The evolution of the crystalline phase as a function of packing fractions in granular sphere packings has also been studied experimentally earlier; in particular, using refractive index matching techniques, Panaitescu et al.61 and Rietz et al.62 showed the emergence of clusters with FCC and HCP ordering with cyclically sheared granular spheres. Our study further indicates that at high enough frequencies the HCP phase begins to dominate at the expense of FCC clusters, as shown in Fig. 7(d). The HCP phase initially grows from well defined stacking faults, shown in Fig. 7(c). This is to be compared with the simulations of33 where, at constant (low) frequencies, the variation of amplitudes leads to a densification of the granular assembly, involving the dominance of FCC clusters overall. We suggest therefore that the dominant kind of crystallinity observed in such spontaneous transitions under shaking depends on a delicate balance of amplitude and frequency in a way that is as yet not fully understood.
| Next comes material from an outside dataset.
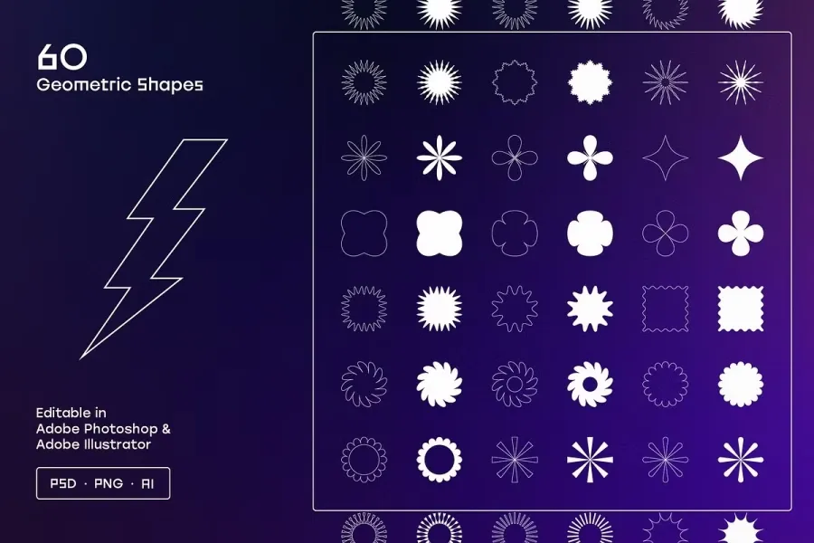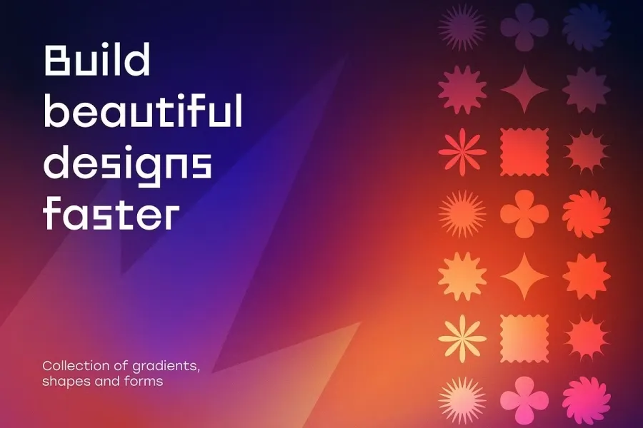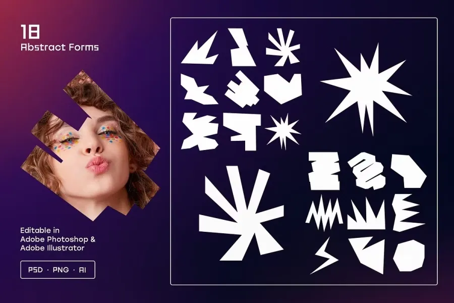 适用于 Adobe Illustrator 和 Adobe Photoshop 的 10 个现成渐变集合。 作为渐变纹理的一个很好的补充,该包包含 18 个抽象形式(Ai、PSD、PNG)和 60 个几何形状,可在 Illustrator 和 Photoshop 中编辑。使用这些精美的图形元素,更快地为您的品牌、产品、网站、社交媒体等设计和构建一些很棒的内容。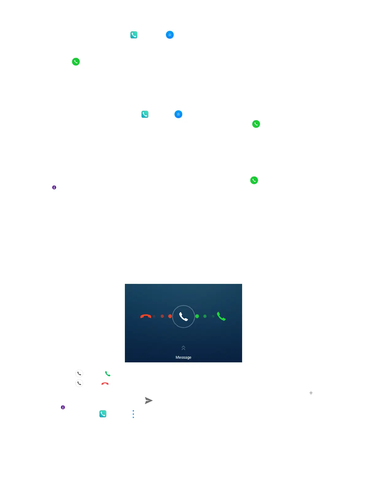 • Slide up Message to reject the call and send SMS. You can choose a quick response or tap

The role of icosahedral ordering and the coexistence of two kinds of crystalline ordering (FCC and HCP) are issues that have also been investigated in colloidal systems14,15,16,17,18,63. Pusey et al.14. showed a clear tendency towards the FCC structural ordering in slowly grown hard colloidal spheres. Leocmach et al.18 also observed crystalline ordering to be more frequently observed than icosahedral ordering in colloidal systems, with a growth in the former and no noticeable growth in the latter as the glass transition temperature was approached.

This competitive interaction between the coexisting FCC and HCP has also been predicted theoretically by simulation studies33,64,65,66,67,68. The Monte Carlo simulation studies reported by Shinde et al.33 correlate the competitive interaction between FCC and HCP structures with the presence of dislocations between differently ordered domains. The numerical study reported by Klumov et al.67,68. shows the competitive fluctuations between FCC and HCP clusters in highly crystalline packings, with the existence of a sharp disorder – order phase transition at ϕC ≈ 0.64. Also, icosahedral ordering is observed within the narrow packing fraction range, in agreement with our study. Various other calculations64,65,66 reported in the literature have indicated that the very small free energy difference between FCC and HCP structures might explain the coexistence of and dynamical competition between these two crystalline structures.

Conclusion

In this paper, we present the results of real – space neutron tomography measurements on packings of highly monodisperse granular steel spheres, carried out to study the structural evolution of these packings from an initially disordered state to one containing a high degree of crystallization. For the particular values used in this work, it appears that increasing shaking frequency and amplitude leads to the compaction of the assembly, with a rise in packing fraction ϕ from 0.62 to 0.71. The disordered initial state (ϕ ≈ 0.62) is characterized by the presence of localized icosahedral ordering, while at higher packing fractions (ϕ ≈ 0.71), there is a spontaneous evolution of crystallinity33. A detailed structural analysis of the latter showed the presence of coexisting FCC and HCP clusters characterized by two interesting features. The first of these concerns the fact that while the icosahedral ordering is localized, with a low population which does not grow, there is a significant increase in crystalline ordering as the transition is approached. The second of these is that initially dominant FCC ordering gives way to HCP ordering as the frequency increases, indicating that there is a dynamical competition at play between these two structures. The nature of this dynamical competition involves a subtle interplay of both amplitude and frequency, as can be seen from a comparison of our results with those of numerical simulations32,33.